_Extracted data entries_.
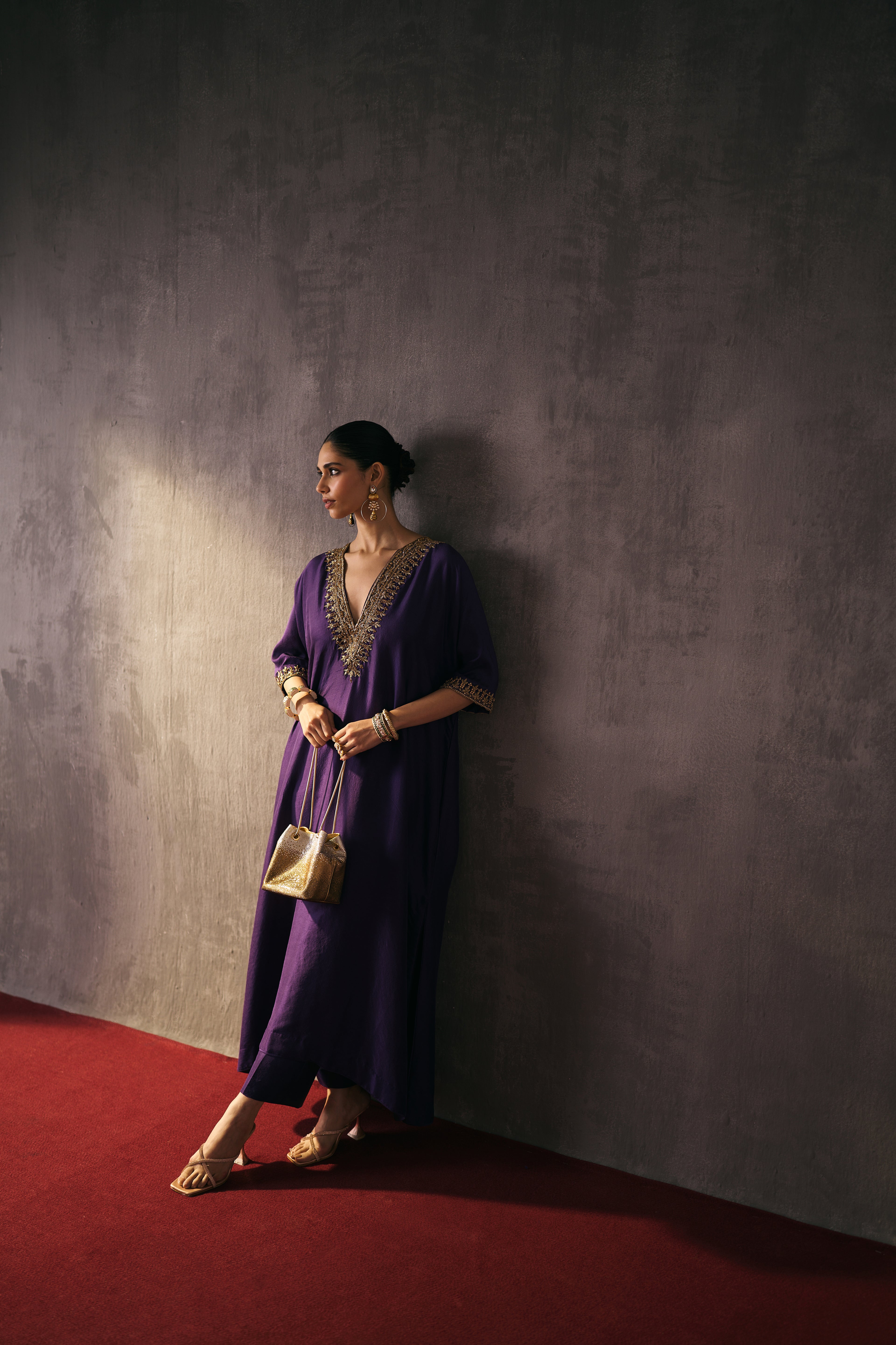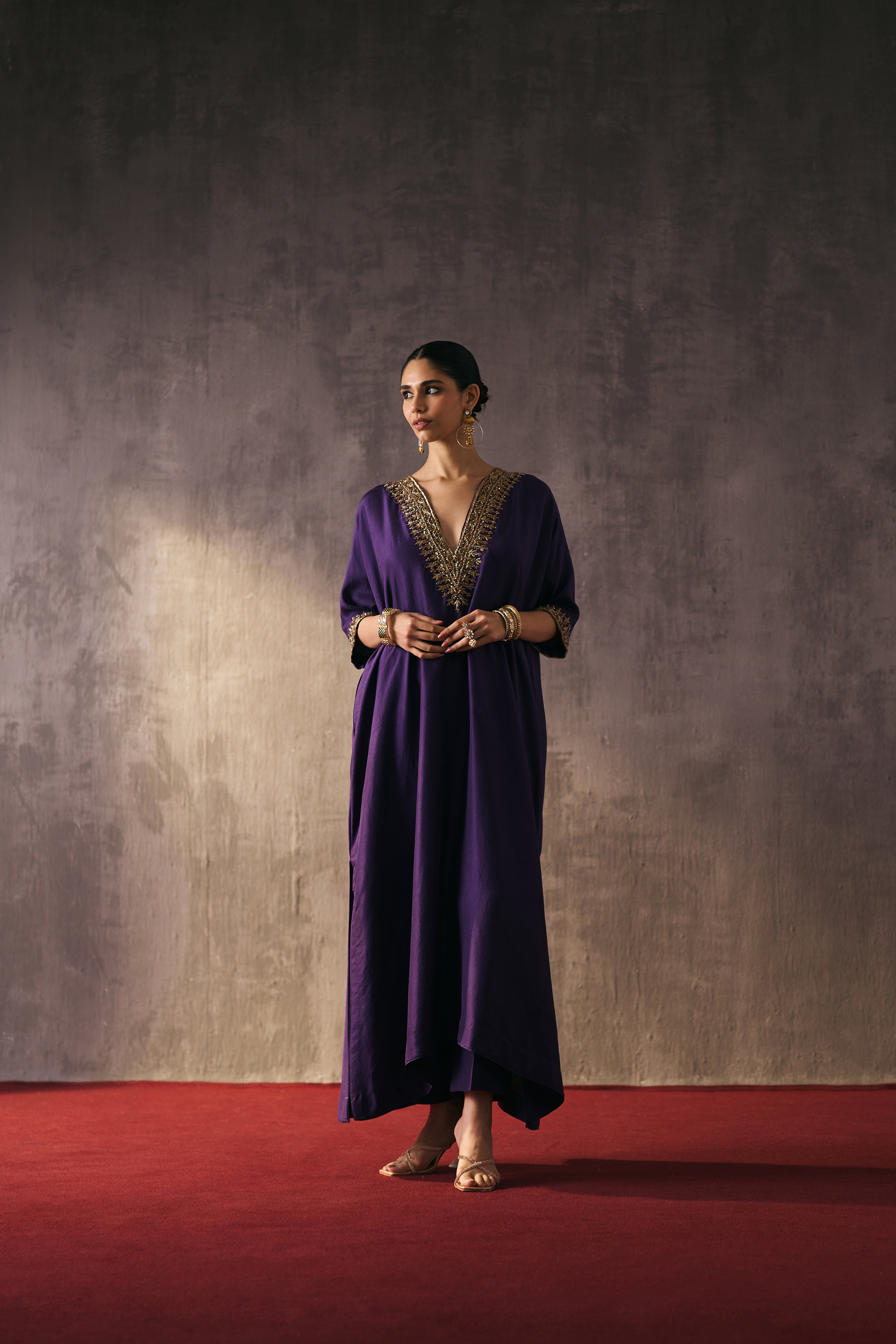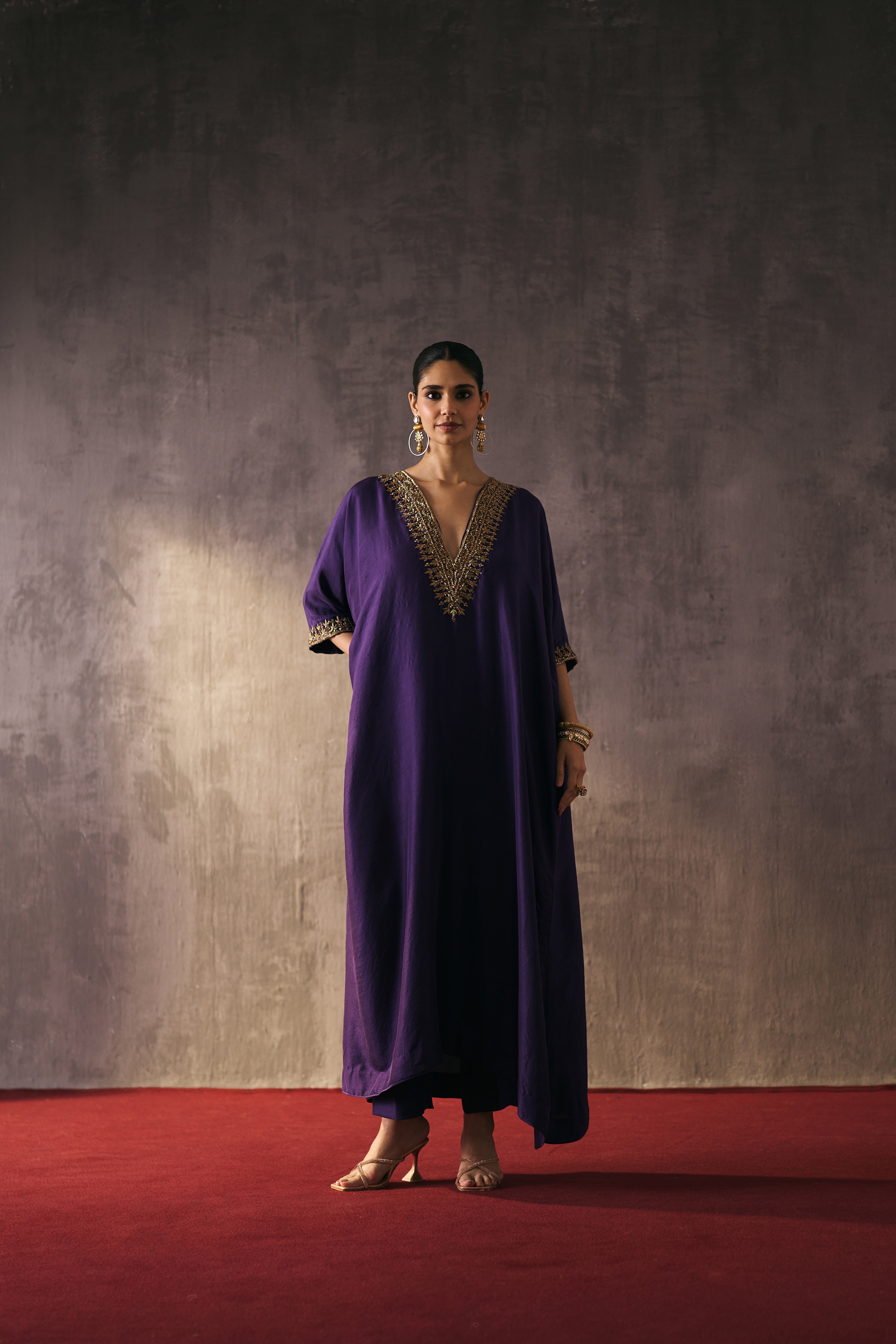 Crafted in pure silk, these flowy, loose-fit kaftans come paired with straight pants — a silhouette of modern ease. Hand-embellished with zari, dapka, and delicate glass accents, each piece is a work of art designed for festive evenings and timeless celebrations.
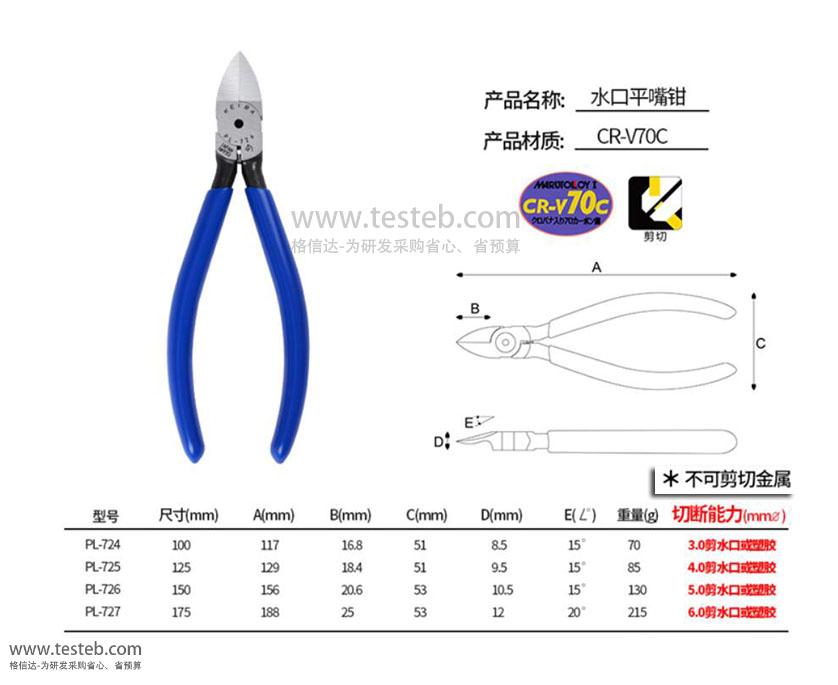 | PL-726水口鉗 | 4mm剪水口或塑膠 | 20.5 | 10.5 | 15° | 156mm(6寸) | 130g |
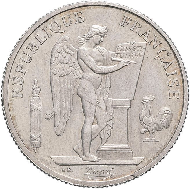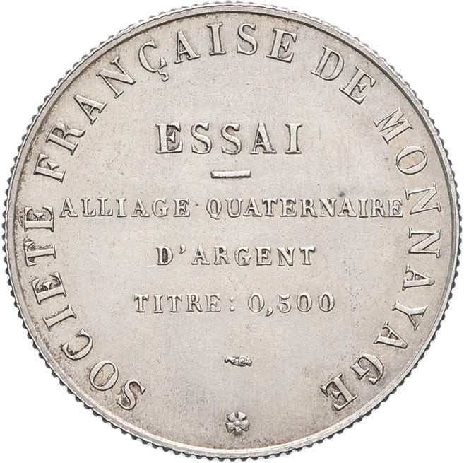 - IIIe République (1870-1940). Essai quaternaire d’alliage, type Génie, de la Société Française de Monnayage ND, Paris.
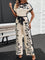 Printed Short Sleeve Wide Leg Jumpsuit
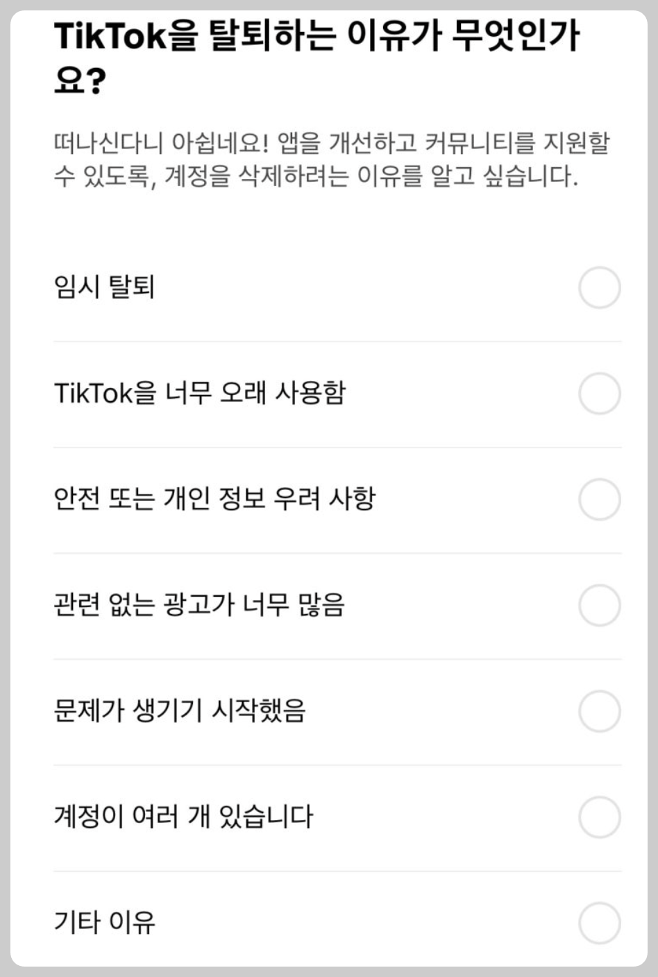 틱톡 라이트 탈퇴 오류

_Exercise details_. Exactly the lines from the one with "- IIIe République" through the end of the records should be written out, and only those. Pictures do not belong in the copy.

_Solution_.
 - IIIe République (1870-1940). Essai quaternaire d’alliage, type Génie, de la Société Française de Monnayage ND, Paris.
 Printed Short Sleeve Wide Leg Jumpsuit
 틱톡 라이트 탈퇴 오류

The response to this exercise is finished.